▸ GOAL OF THE EXERCISE: Starting with the first line of the material, reproduce exactly each line up to and including the one that contains "Pasea por tus", leaving out every picture.

*** Opening of DATASET EXTRACT ***

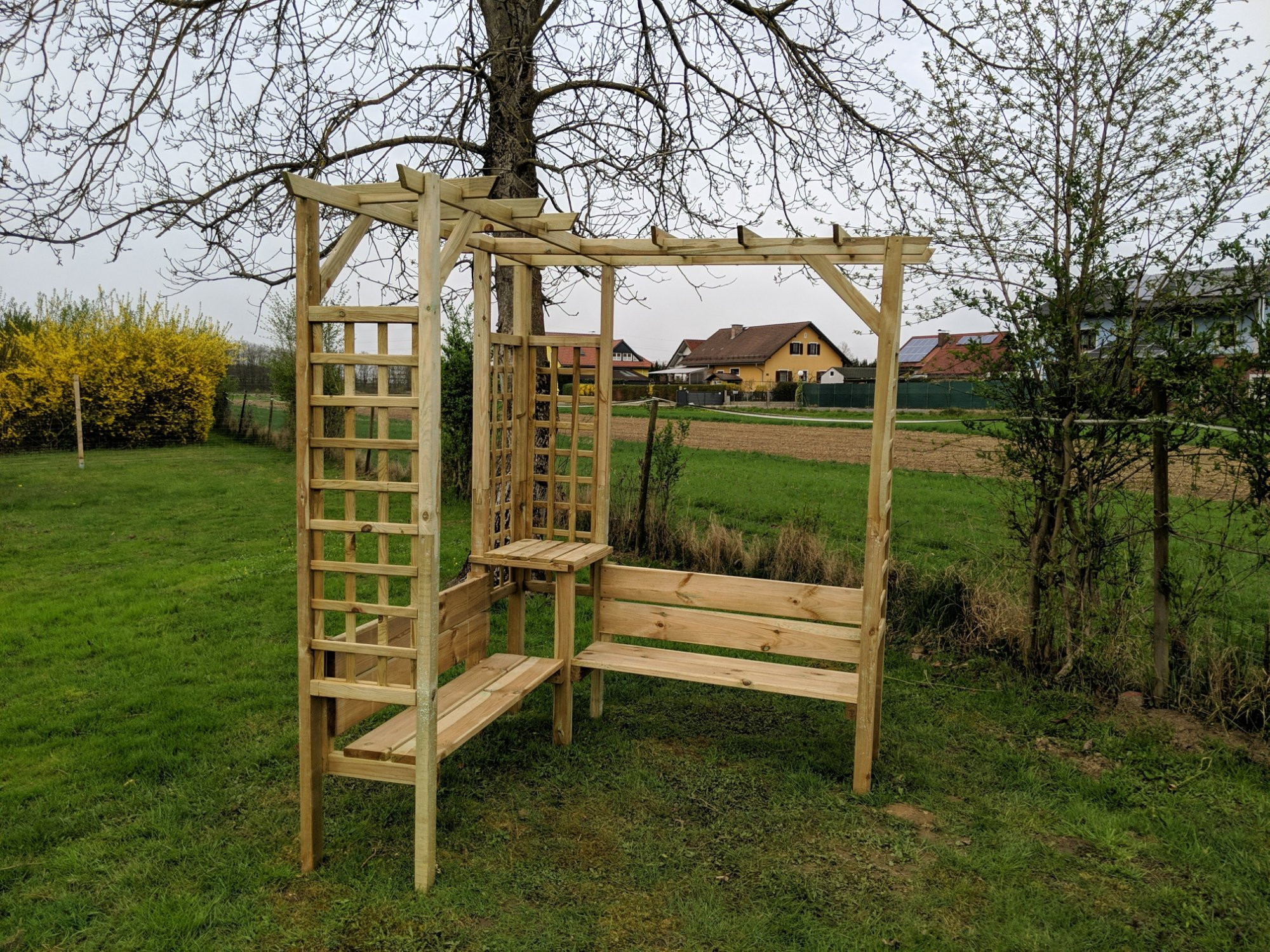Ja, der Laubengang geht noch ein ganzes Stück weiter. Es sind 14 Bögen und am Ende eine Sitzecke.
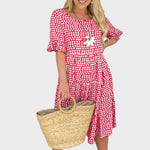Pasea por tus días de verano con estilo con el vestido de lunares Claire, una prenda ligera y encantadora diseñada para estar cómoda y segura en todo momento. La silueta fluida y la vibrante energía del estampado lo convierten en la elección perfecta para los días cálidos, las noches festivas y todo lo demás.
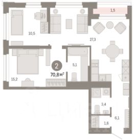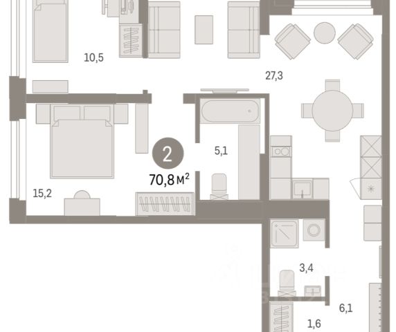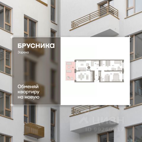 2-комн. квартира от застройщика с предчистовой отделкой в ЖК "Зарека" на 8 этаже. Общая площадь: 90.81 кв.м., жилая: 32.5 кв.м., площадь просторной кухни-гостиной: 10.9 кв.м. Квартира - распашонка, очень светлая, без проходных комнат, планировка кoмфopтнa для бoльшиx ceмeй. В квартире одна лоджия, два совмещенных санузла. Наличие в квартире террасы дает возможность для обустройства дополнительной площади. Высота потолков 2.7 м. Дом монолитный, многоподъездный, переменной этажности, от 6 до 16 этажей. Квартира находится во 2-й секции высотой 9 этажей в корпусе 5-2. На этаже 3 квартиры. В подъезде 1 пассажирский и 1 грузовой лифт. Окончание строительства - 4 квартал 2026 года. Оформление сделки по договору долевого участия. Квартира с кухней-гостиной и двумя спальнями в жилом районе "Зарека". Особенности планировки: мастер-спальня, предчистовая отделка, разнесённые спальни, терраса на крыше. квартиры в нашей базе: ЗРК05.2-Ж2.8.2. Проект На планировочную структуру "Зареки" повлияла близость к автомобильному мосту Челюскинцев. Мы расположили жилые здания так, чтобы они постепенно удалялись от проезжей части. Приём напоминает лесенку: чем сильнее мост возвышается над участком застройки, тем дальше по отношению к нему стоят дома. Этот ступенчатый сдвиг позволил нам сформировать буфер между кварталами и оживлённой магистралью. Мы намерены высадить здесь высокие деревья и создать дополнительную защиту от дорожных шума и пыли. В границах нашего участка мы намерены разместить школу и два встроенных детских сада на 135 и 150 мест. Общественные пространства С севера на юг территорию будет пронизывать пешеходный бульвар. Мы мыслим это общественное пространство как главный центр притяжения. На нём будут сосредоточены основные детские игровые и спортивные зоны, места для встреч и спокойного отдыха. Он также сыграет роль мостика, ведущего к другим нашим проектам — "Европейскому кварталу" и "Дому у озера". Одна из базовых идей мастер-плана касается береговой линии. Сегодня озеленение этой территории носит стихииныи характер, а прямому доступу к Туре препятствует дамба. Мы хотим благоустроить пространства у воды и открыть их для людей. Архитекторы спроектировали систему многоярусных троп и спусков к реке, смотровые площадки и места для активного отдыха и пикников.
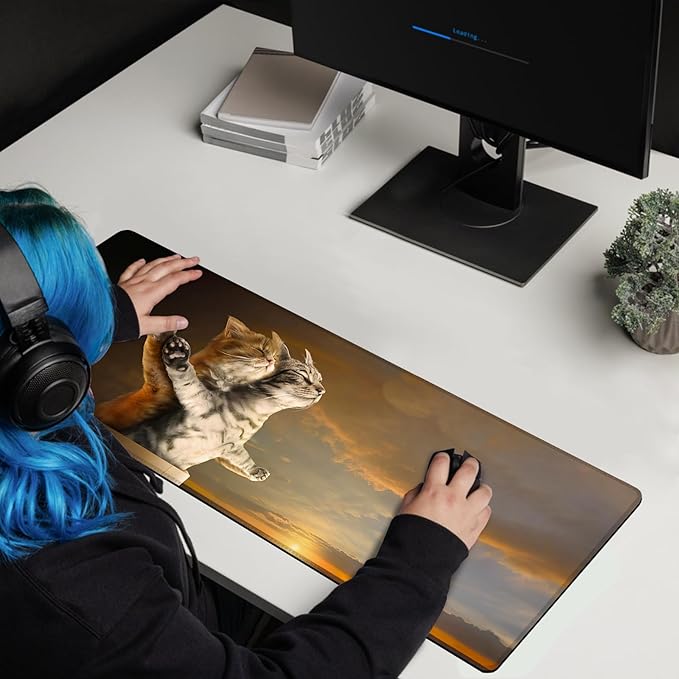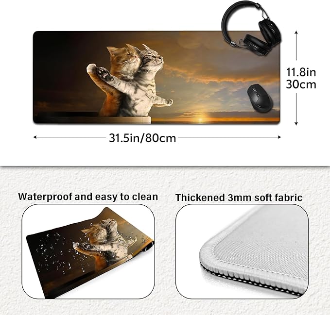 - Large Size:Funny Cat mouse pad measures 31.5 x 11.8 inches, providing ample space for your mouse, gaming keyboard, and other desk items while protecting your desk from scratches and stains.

*** Close of DATASET EXTRACT ***

▸ EXERCISE SOLUTION:
Ja, der Laubengang geht noch ein ganzes Stück weiter. Es sind 14 Bögen und am Ende eine Sitzecke.
Pasea por tus días de verano con estilo con el vestido de lunares Claire, una prenda ligera y encantadora diseñada para estar cómoda y segura en todo momento. La silueta fluida y la vibrante energía del estampado lo convierten en la elección perfecta para los días cálidos, las noches festivas y todo lo demás.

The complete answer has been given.